Анна Юрьевна не любила осень. Но в этом не было ничего оригинального, а банальность, прозу дней, она не переносила. Жаловаться на коричневые комья листвы, на удушающий холод, на зябкие, покрытые цыпками руки и грязные джинсы – как это было просто. Но стойко падающий термометр, который сдавал деление за делением, оказывал одинаковый эффект на всех. Медсестры наливали себе чай и вытягивая верхнюю губу, как какой-нибудь Снусмумрик из книги Туве Янсон, дули на горячую воду.
Больных детей, которых она как будто-то бы должна была любить, потому что это дети, потому что у них пропахшие солнцем макушки, потому что спросонья они дышат молочком и медом, и что не скажи – перл мой ясный, она не выносила. Их никто не любил. И хотя за работу в реанимационной палате коллеги ее звали Матерью Терезой, она была такой же, как и они.
Эти дети были особенными, каждый из них был тяжело болен. Больше чем лекарств и больше чем чистых простынь, они жаждали любви. Анна Юрьевна не могла заставить себя их любить. Сначала она очень старалась: не спала ночами, ломала спину, таская их на руках, переживала до спазмов в животе, ломоты в мышцах, до рези в глазах, а потом с бледным синюшным лицом ехала в общежитие, где не могла заставить себя даже переодеться и сразу валилась на кровать. Анна Юрьевна должна была взять нож и отсечь себя от них. И всё вернулось: бархат свежевыстиранной кофты, запах кофе со свежей выпечкой и цветастый калейдоскоп выходных. Она стала по утрам крутить прическу, рисовать глаза, любоваться треугольником родинок на правой щеке. В отражении черных дверей «Не прислоняйся» она видела, что мужчины бросают на нее жадные взгляды.

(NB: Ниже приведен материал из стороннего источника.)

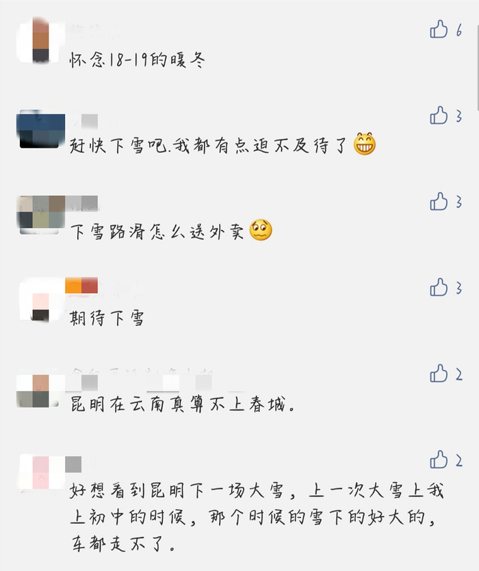 据@云南气象的消息:预计12月2日夜间-4日,受冷空气和弱南支槽影响,滇西北北部、滇东北北部阴冷有小雪局部中雪,滇东北南部、滇东、滇中、滇南阴有小雨,最高气温将下降6-8℃。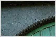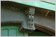 Setzholz als senkrechter Anschlag für die ursprünglich vorhandenen Torflügel); das gesamte Torgebinde verziert mit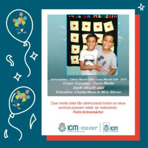 Hoje é festa em dose dupla, os gêmeos Gabriel e Lucas fazem aniversário, e juntos estamos em sintonia. Felicidades meninos Super Poderosos. Todos nós da Unidade celebramos com vocês a graça da vida. Que o dia de hoje tenha cheirinho de chocolate com docinhos e brigadeiros! Amamos vocês… Vivaaaaaaaaaaaa….Feliz Aniversário!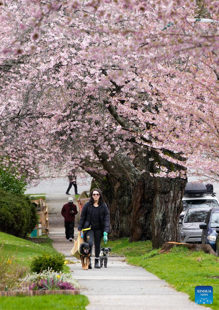 A woman walks dogs on a street lined with cherry blossom trees in Vancouver, British Columbia, Canada, on March 20, 2026. (Photo by Liang Sen/Xinhua)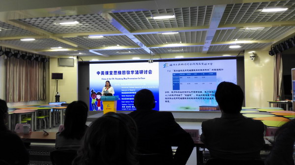 随后的教学实践展示课向大家更具有针对性地展示了思维图在语文、数学、外语和科学四个学科课堂教学中的具体操作和运用。语文课借助了复杂思维图进行主要内容回顾和课文重难点的突破。数学课老师则借助双泡泡图对分数的四则混合运算进行了讲解。而美国朗登小学的4位教师根据自己的课堂教学对8种思维导图的运用所进行的详细介绍和作品展示,也使在座教师对思维图有了更加直观系统的认识和理解,大家对运用思维图教学有了更深的体会。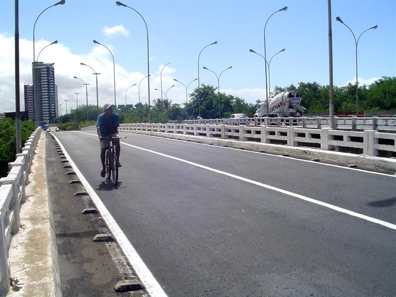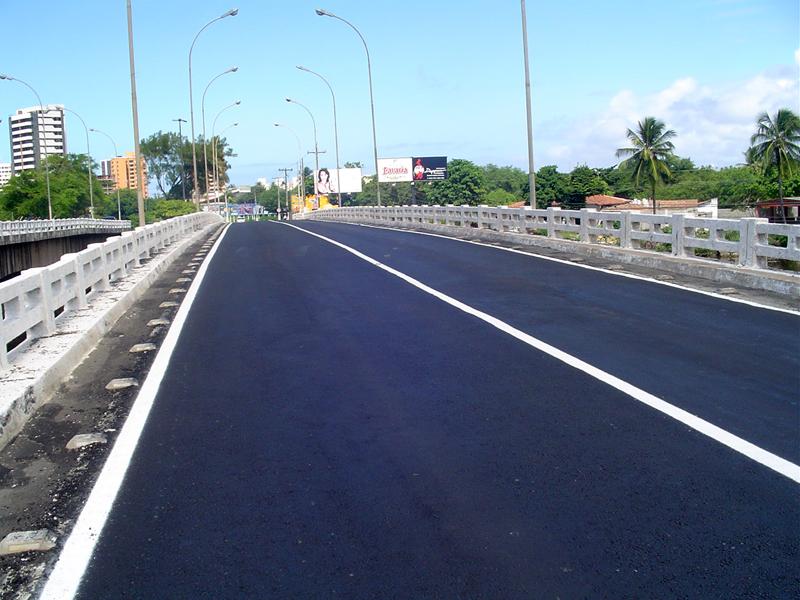A Prefeitura de Aracaju executa mais duas importantes intervenções urbanísticas, com o recapeamento asfáltico de duas pontes da cidade. Receberam uma nova pavimentação a ponte da avenida Beira Mar sobre o rio Poxim, que liga os bairros Ignácio Barbosa e Farolândia, e a ponte da avenida Tancredo Neves, nas imediações do Detran. O serviço foi executado pela Empresa Municipal de Obras e Urbanização (Emurb) e já oferece mais conforto e segurança para os condutores de veículos e usuários do sistema de transporte público. Nas duas obras as equipes da Emurb utilizaram a técnica da fresagem, que consiste na retirada de antigas camadas de asfalto para a aplicação da nova pavimentação. Fizemos a retirada de todo o antigo asfalto e colocamos uma nova camada asfáltica de cinco centímetros em toda a sua extensão, informa o presidente da Emurb, engenheiro Valmor Barbosa Bezerra. A retirada do asfalto desgastado, além de obedecer às especificações técnicas do projeto da ponte, possibilita a colocação de um pavimento mais uniforme e seguro, com a qualidade que tem caracterizado todos os serviços executados pela Emurb. Morador do bairro José Conrado de Araújo, Robson Dias dos Anjos disse que trabalha como segurança em um condomínio na Atalaia e que todos os dias passa pela ponte sobre o rio Poxim. A gente que utiliza a bicicleta como meio de transporte sente logo o benefício do melhoramento da pista. Agora que a Prefeitura fez o novo recapeamento asfáltico, só tenho que agradecer ao prefeito Edvaldo Nogueira por estar melhorando as pistas de Aracaju, dando maior segurança ao trabalhador, comenta. Apesar dos serviços terem sido executados em vias de grande fluxo de veículos, o bom planejamento na execução das obras eliminou qualquer tipo de transtorno para a população. A fresagem das vias foi realizada no período noturno e as equipes de pavimentação aplicaram a nova camada asfáltica interditando apenas um lado de cada pista, enquanto o serviço era realizado. A ponte da avenida Beira Mar tem uma extensão de 170 m em cada vão e a da avenida Tancredo Neves possui 210 m.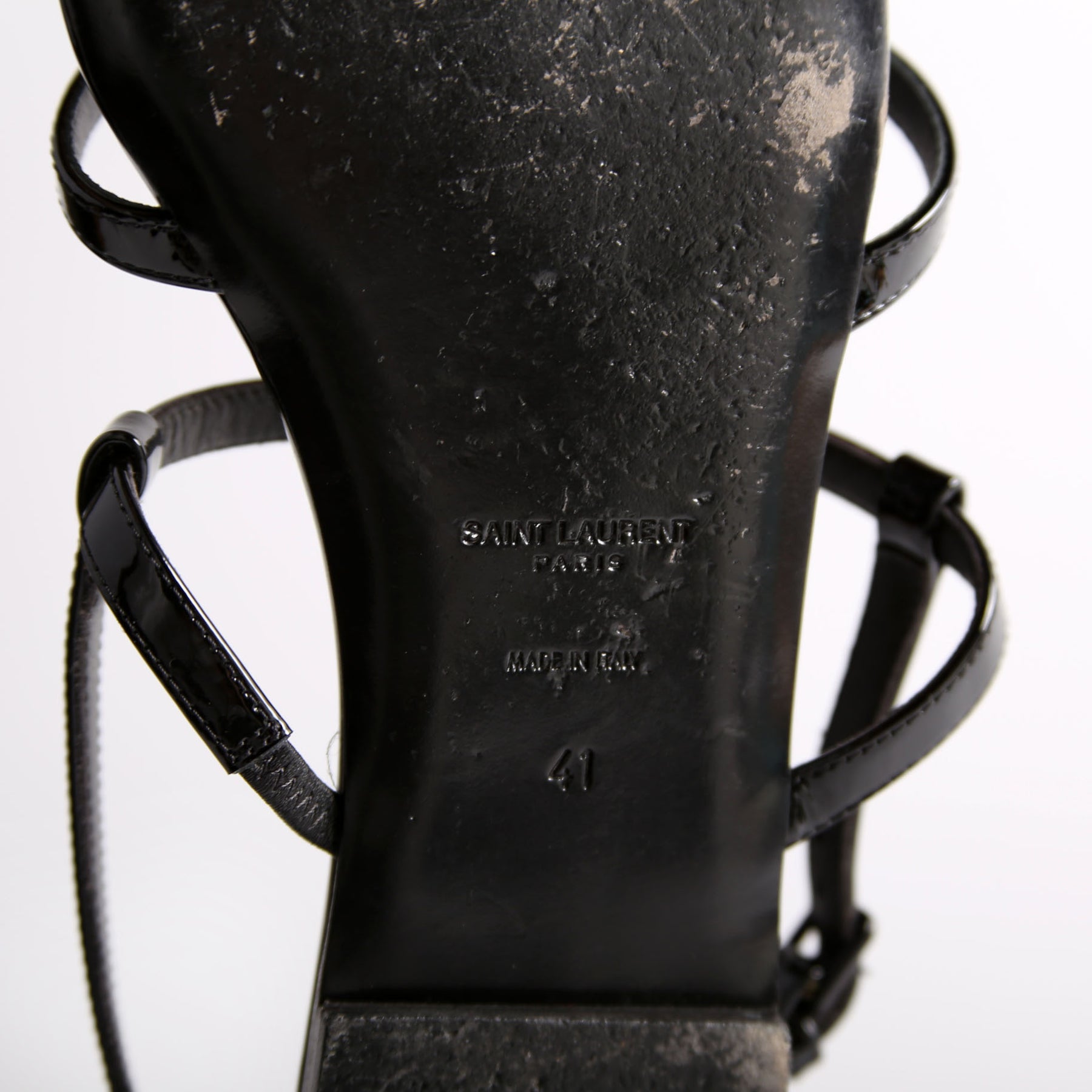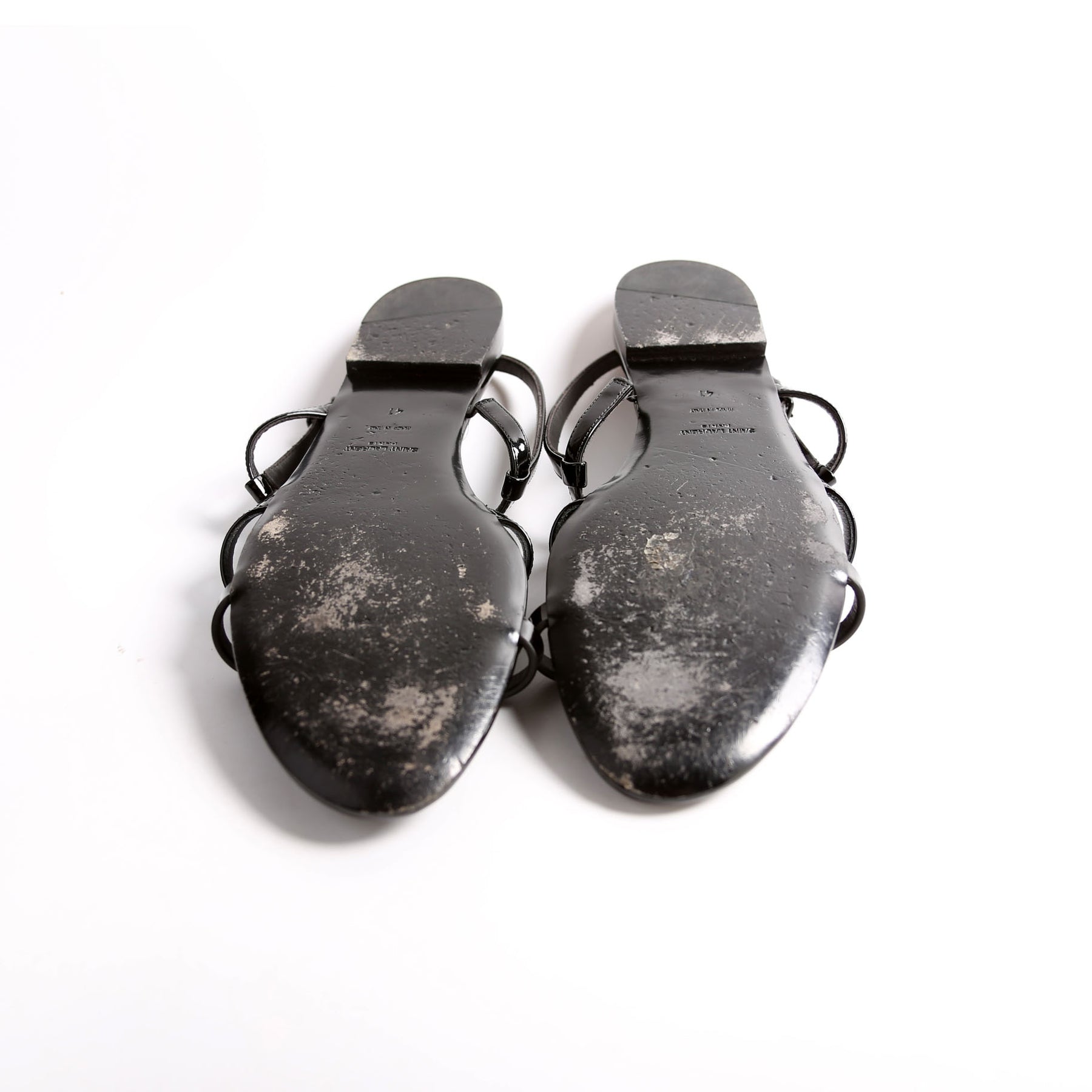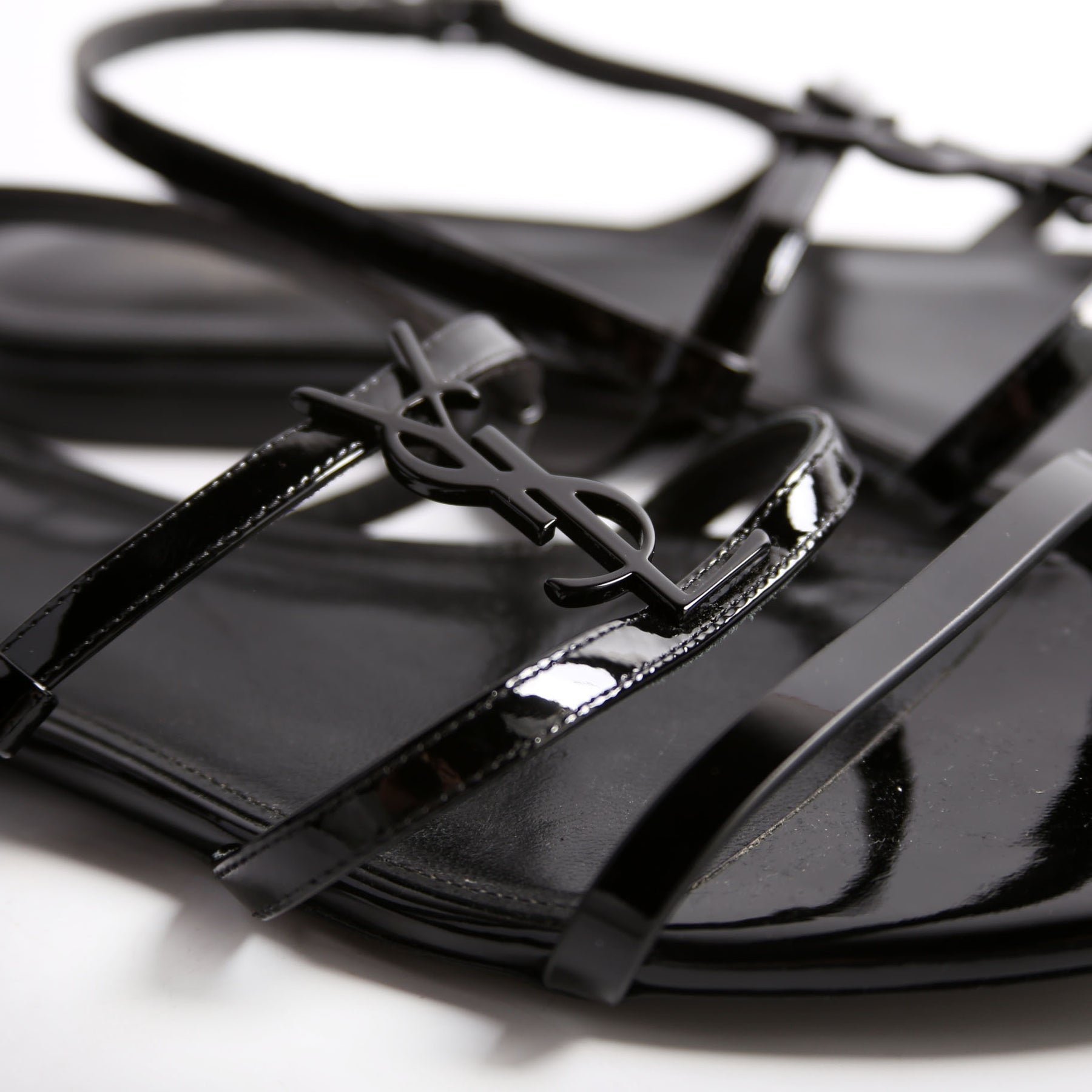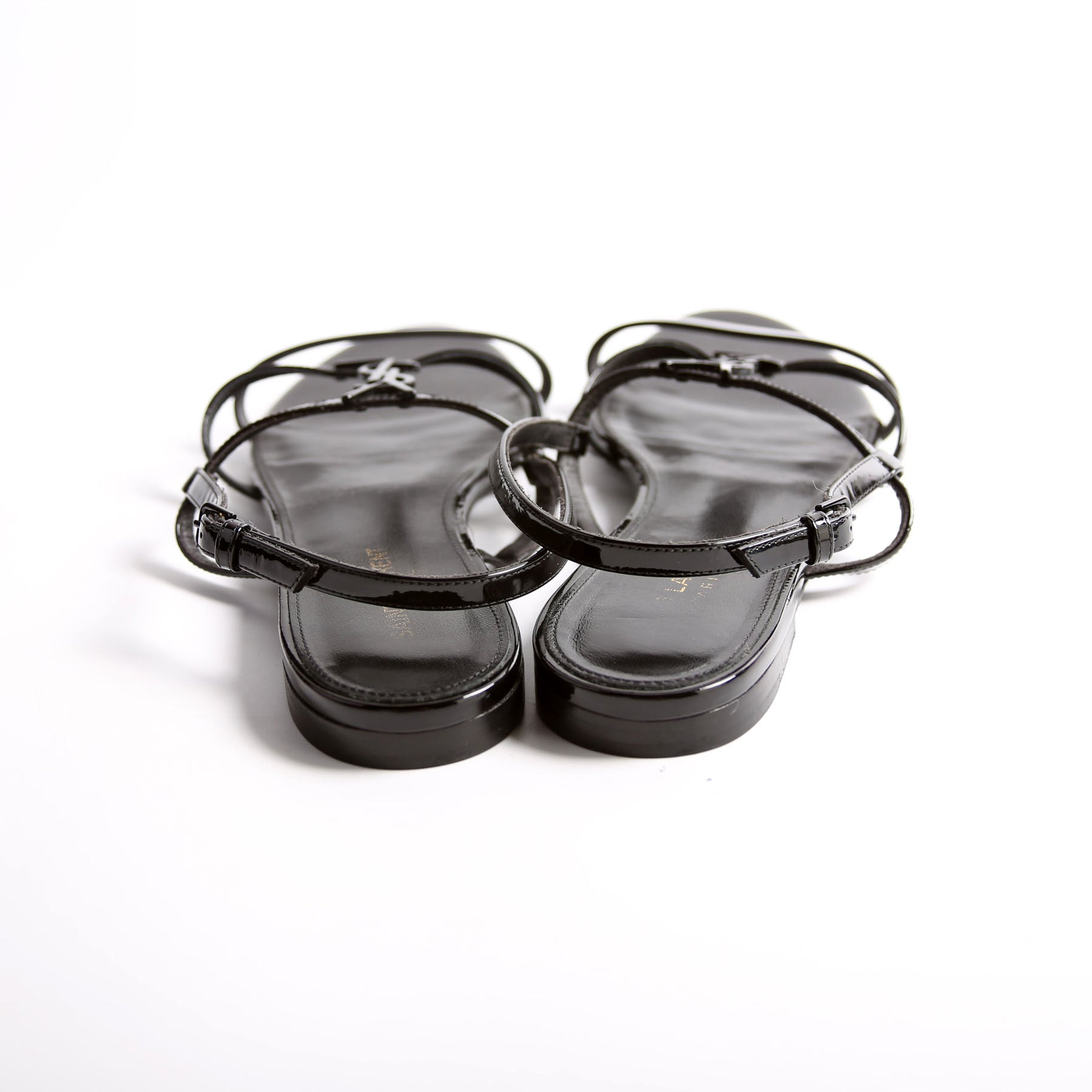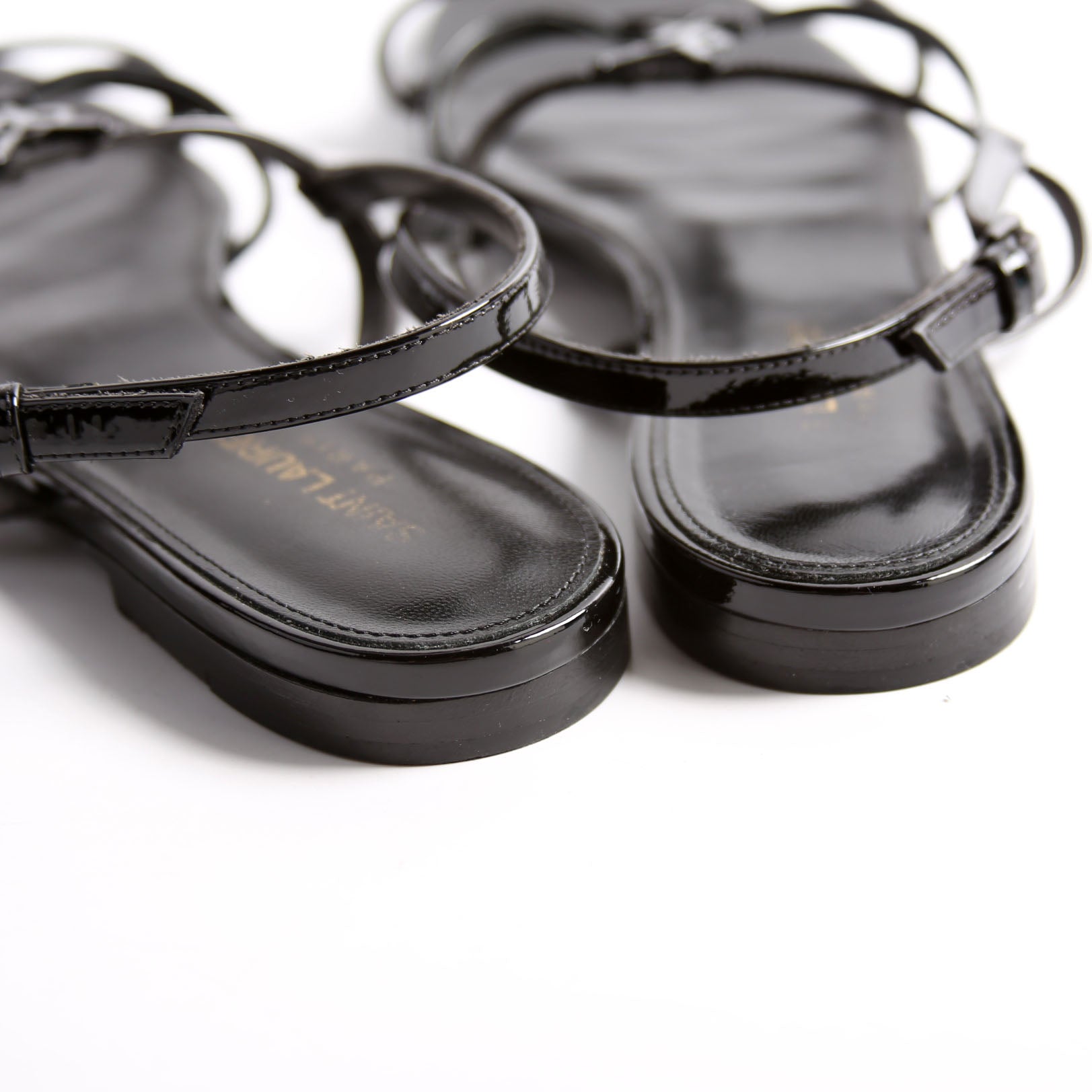 These pre-owned Saint Laurent Cassandre Flat Patent Sandals are guaranteed 100% authentic.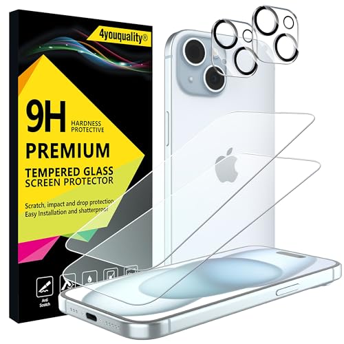 4youquality [4-in-1 Screen Protector for iPhone 15 with Camera Lens Protector, Tempered Glass Film, 2-Pack Each, [LifetimeSupport][Impact-Resistant][Anti-Scratch][Ultra-Transparent]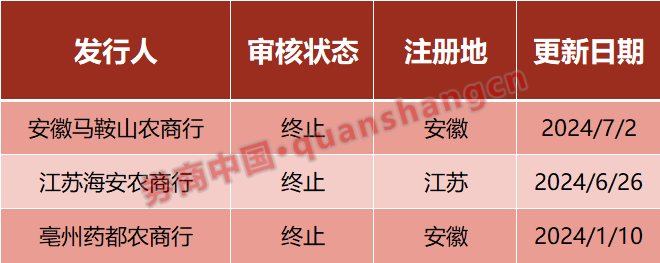 7月2日晚间,深交所发布公告表示,因安徽马鞍山农商行及其保荐人撤回发行上市申请,根据相关规定,深交所决定终止其发行上市审核。当前,该行的上市审核状态已为“终止(撤回)”。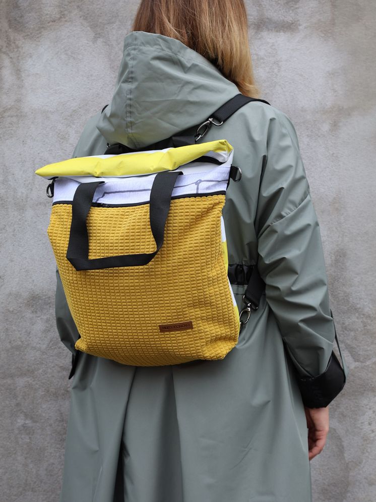 ECOVENTURE je višenamjenski ruksak izrađen u Humani Novoj od prenamijenjenih i čvrstih materijala. Zahvaljujući metalnim drukerima, gornji dio se može zarolati i zakopčati, mijenjajući oblik i volumen. Podesive naramenice, praktični džepovi (uključujući skriveni leđni i unutarnji džep s kopčom za ključeve) čine ga savršenim za organizaciju u pokretu. Kada se skinu naramenice, ECOVENTURE postaje torba – nosiva u ruci, na ramenu ili preko tijela. Svaki primjerak je jedinstven.

И хотя она перестала чувствовать прикосновение липких ладошек, глаза – эти просящие, молящие глаза бездомных собак преследовали ее. Но она научилась кидать им подачку. В сущности, им нужно было очень мало. Того погладишь, этому скажешь ласковое слово, этому соплю утрешь – они и рады. Главное, не задерживаться, уходить раньше, чем их глаза превратятся в руки, и схватят, и поработят, и закуют в свои цепи. Она научилась делать все на бегу, быстро, аккуратно и расчетливо. Брала ночные смены, а утром, когда они тянулись стайками на завтрак, она находила для них нужные слова.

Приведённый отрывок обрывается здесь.